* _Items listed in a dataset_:
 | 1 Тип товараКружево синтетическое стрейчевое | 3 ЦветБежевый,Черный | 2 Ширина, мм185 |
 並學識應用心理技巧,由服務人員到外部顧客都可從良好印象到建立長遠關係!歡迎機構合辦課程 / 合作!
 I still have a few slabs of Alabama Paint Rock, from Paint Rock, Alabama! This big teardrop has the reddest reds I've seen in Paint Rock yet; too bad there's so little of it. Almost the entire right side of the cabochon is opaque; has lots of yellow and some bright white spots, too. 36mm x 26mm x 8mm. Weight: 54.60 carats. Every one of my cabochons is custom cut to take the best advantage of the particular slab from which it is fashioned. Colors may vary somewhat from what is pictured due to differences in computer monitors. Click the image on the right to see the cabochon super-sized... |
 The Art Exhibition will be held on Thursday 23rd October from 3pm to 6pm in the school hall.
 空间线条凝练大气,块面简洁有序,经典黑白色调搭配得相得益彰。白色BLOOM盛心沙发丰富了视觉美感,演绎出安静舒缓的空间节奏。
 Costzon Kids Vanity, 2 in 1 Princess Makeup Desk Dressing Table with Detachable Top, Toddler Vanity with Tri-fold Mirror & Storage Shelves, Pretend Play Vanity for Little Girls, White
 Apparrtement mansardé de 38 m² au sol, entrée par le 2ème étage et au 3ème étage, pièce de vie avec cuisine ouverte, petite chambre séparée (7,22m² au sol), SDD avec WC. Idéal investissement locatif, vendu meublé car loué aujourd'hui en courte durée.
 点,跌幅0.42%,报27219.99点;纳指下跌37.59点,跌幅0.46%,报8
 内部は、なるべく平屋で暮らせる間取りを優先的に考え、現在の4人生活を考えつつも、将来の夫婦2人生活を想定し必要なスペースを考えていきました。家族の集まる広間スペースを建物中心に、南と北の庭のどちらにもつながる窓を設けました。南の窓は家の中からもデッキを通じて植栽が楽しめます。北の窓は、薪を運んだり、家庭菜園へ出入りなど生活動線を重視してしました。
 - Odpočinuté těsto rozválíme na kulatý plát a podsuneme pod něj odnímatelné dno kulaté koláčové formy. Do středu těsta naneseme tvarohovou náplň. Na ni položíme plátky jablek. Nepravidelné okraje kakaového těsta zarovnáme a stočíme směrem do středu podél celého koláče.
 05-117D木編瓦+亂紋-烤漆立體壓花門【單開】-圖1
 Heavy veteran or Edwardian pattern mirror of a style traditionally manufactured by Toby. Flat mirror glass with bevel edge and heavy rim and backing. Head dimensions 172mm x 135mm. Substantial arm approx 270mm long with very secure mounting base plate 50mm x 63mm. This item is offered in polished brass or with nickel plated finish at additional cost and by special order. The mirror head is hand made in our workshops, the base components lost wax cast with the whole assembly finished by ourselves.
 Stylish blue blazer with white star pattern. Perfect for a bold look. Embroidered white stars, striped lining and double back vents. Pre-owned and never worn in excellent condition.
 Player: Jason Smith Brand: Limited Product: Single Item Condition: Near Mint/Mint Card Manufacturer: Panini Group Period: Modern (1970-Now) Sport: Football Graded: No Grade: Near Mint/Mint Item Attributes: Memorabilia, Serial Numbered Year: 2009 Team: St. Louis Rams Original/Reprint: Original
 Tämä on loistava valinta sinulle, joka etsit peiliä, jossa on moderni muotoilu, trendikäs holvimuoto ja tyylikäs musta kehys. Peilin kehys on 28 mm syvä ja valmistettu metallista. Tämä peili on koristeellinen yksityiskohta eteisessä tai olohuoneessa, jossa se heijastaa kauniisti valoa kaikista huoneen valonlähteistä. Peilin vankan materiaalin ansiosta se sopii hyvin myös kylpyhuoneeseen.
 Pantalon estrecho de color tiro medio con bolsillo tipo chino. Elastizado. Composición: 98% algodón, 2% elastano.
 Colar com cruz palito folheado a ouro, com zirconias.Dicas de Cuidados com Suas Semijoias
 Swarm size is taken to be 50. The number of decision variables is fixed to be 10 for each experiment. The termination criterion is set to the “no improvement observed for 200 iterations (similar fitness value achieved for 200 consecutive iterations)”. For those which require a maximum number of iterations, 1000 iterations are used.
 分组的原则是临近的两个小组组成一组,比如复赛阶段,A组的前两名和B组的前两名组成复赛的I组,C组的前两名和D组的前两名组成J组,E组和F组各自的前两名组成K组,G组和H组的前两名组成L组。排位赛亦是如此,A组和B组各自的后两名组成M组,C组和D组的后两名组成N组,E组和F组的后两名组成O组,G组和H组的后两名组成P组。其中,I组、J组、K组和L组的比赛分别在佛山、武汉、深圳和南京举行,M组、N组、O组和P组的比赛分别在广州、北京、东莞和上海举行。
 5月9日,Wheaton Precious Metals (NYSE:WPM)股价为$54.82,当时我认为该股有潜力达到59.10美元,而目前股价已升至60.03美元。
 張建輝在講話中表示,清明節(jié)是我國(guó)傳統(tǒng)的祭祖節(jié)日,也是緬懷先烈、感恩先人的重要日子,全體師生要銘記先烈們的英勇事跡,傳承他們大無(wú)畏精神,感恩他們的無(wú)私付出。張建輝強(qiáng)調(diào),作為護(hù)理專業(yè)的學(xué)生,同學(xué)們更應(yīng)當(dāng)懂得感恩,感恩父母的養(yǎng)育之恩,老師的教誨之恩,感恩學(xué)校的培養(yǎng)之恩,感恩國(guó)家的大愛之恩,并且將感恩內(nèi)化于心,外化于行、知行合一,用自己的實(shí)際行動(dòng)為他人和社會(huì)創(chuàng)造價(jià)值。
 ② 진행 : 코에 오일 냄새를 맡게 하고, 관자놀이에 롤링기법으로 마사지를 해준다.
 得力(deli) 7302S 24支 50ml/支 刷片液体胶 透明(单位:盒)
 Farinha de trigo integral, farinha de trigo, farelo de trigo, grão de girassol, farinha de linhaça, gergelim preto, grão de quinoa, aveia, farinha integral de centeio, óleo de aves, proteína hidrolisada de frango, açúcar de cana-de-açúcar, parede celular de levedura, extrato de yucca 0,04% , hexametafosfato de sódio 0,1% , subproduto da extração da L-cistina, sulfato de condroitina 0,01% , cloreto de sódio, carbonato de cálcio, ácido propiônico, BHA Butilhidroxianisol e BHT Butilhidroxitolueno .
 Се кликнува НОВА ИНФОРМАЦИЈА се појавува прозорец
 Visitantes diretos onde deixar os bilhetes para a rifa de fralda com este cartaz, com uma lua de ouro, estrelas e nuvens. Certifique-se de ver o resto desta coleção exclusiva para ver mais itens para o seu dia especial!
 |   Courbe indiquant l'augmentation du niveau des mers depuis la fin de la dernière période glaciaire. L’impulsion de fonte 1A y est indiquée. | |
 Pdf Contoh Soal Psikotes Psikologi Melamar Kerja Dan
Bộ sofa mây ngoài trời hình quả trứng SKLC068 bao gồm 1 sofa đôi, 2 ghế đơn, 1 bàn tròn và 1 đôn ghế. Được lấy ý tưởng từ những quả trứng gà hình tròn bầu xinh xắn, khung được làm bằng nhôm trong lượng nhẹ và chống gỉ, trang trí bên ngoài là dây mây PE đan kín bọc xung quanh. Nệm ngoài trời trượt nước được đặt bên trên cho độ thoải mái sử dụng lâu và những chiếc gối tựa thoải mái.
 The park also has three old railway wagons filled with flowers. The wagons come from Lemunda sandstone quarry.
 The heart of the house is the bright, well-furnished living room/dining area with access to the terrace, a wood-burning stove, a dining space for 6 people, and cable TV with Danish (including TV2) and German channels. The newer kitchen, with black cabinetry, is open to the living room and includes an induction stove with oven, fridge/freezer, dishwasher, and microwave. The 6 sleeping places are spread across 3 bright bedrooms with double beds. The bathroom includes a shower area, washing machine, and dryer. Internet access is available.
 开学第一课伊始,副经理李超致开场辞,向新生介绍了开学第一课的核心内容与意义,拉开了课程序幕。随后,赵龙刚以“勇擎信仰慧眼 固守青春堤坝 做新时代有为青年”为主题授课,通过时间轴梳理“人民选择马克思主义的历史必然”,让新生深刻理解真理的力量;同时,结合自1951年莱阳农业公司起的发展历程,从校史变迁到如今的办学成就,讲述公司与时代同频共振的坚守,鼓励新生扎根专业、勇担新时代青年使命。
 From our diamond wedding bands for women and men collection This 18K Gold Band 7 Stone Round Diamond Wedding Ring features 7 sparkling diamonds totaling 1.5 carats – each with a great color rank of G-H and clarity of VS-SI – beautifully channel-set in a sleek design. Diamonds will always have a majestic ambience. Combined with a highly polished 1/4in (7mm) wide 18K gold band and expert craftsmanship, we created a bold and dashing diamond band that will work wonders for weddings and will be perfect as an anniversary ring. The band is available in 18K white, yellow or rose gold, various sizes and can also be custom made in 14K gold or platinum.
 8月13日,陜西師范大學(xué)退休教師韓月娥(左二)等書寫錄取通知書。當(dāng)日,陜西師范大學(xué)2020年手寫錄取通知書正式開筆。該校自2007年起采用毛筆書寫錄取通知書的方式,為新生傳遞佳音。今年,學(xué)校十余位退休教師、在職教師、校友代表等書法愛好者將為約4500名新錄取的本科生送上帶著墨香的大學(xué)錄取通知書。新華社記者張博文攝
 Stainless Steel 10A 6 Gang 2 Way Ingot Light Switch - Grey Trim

* _How to complete this task_: Your answer must be the lines above from the one containing "点,跌幅0.42%,报272" to the one containing "05-117D木編瓦+亂紋-烤漆立體壓花門【單開】-圖1", both included, restated word for word.

* _Task output_:
 点,跌幅0.42%,报27219.99点;纳指下跌37.59点,跌幅0.46%,报8
 内部は、なるべく平屋で暮らせる間取りを優先的に考え、現在の4人生活を考えつつも、将来の夫婦2人生活を想定し必要なスペースを考えていきました。家族の集まる広間スペースを建物中心に、南と北の庭のどちらにもつながる窓を設けました。南の窓は家の中からもデッキを通じて植栽が楽しめます。北の窓は、薪を運んだり、家庭菜園へ出入りなど生活動線を重視してしました。
 - Odpočinuté těsto rozválíme na kulatý plát a podsuneme pod něj odnímatelné dno kulaté koláčové formy. Do středu těsta naneseme tvarohovou náplň. Na ni položíme plátky jablek. Nepravidelné okraje kakaového těsta zarovnáme a stočíme směrem do středu podél celého koláče.
 05-117D木編瓦+亂紋-烤漆立體壓花門【單開】-圖1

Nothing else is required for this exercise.